Question

Problem Analyzing Tumor-Normal Pairs With Varscan

1

Entering edit mode

13.0 years ago

tommivat ▴ 250

I am using Varscan 2.2.11 to analyze a tumor-normal pair of whole exome NGS data. I used 1000genomes reference genome (from here) and my .bam files are sorted. I use shell script similar to this to call VarScan and get the following summary after my run:

2 015 987 104 positions in tumor
2 015 519 315 positions shared in normal
   90 913 571 had sufficient coverage for comparison
            0 were called Reference
          496 were mixed SNP-indel calls and filtered
   90 834 408 were called Germline
            0 were called LOH
            0 were called Somatic
        78667 were called Unknown
            0 were called Variant

Obviously, there are some problems, since almost all positions with sufficient coverage are called Germline and none are called Reference. Can you point out what am I doing wrong, please.

varscan cancer samtools next-gen • 4.4k views

ADD COMMENT • link updated 4.8 years ago by Biostar 20 • written 13.0 years ago by tommivat ▴ 250

2

Entering edit mode

I suspect that the reference used in the alignment (which I haven't done myself) and paired analysis has to be same. In this case, I do not (yet) know which reference was used in alignment. Can you confirm if this can create the problem above.

ADD REPLY • link 13.0 years ago by tommivat ▴ 250

2

Entering edit mode

The header of your bam file should contain information about which reference was used for alignment.

ADD REPLY • link 13.0 years ago by Chris Miller 22k

score 2 · Answer 1 · 2012-08-14

2

Entering edit mode

13.0 years ago

Matt Shirley 10k

You most likely need to realign one or both of your samples to the same reference. To confirm that the BAM files are actually using different references:

samtools view -H normal.bam | egrep "@SQ" > normal
samtools view -H tumor.bam | egrep "@SQ" > tumor
diff -y normal tumor

The above is just a simple way of grabbing the sequence dictionary from the header and comparing. If there are any differences between your files, then you will need to align them both to the same reference.

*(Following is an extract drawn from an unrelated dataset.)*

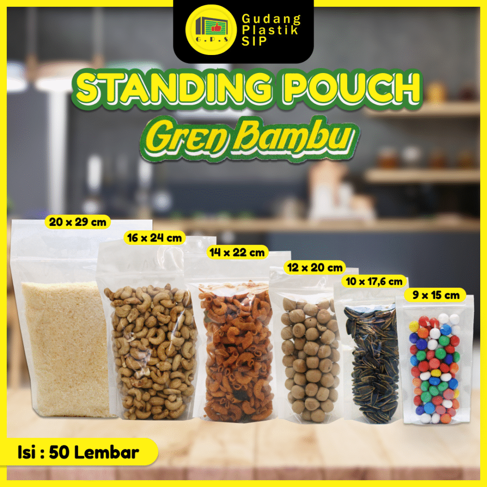 Plastik Standing Pouch (Plastik Klip) sangat cocok digunakan untuk kemasan makanan ringan agar produk terlihat lebih rapih dan menarik. Kemasan dapat di buka tutup berulang kali dengan adanya zipper lock/klip yang memastikan makanan di dalam tetap terjaga kualitas dan kehigenisan nya. Plastik lebih kuat dan tidak mudah robek dikarenakan sudah dilengkapi dengan double seal/seal lebar

ADD COMMENT • link 13.0 years ago by Matt Shirley 10k

0

Entering edit mode

Thank you for the answer! There are no differences in headers. Do you still think I need to realign both samples to my current reference? How is such a realignment done? (I realize this must be a simple task but I haven't works with samtools too much.)

ADD REPLY • link 13.0 years ago by tommivat ▴ 250

1

Entering edit mode

I think that you are probably using a reference genome sequence that does not match what you two BAM files were aligned to. Try tracking down the reference that your BAM files were aligned to and specifying that as the reference for VarScan2.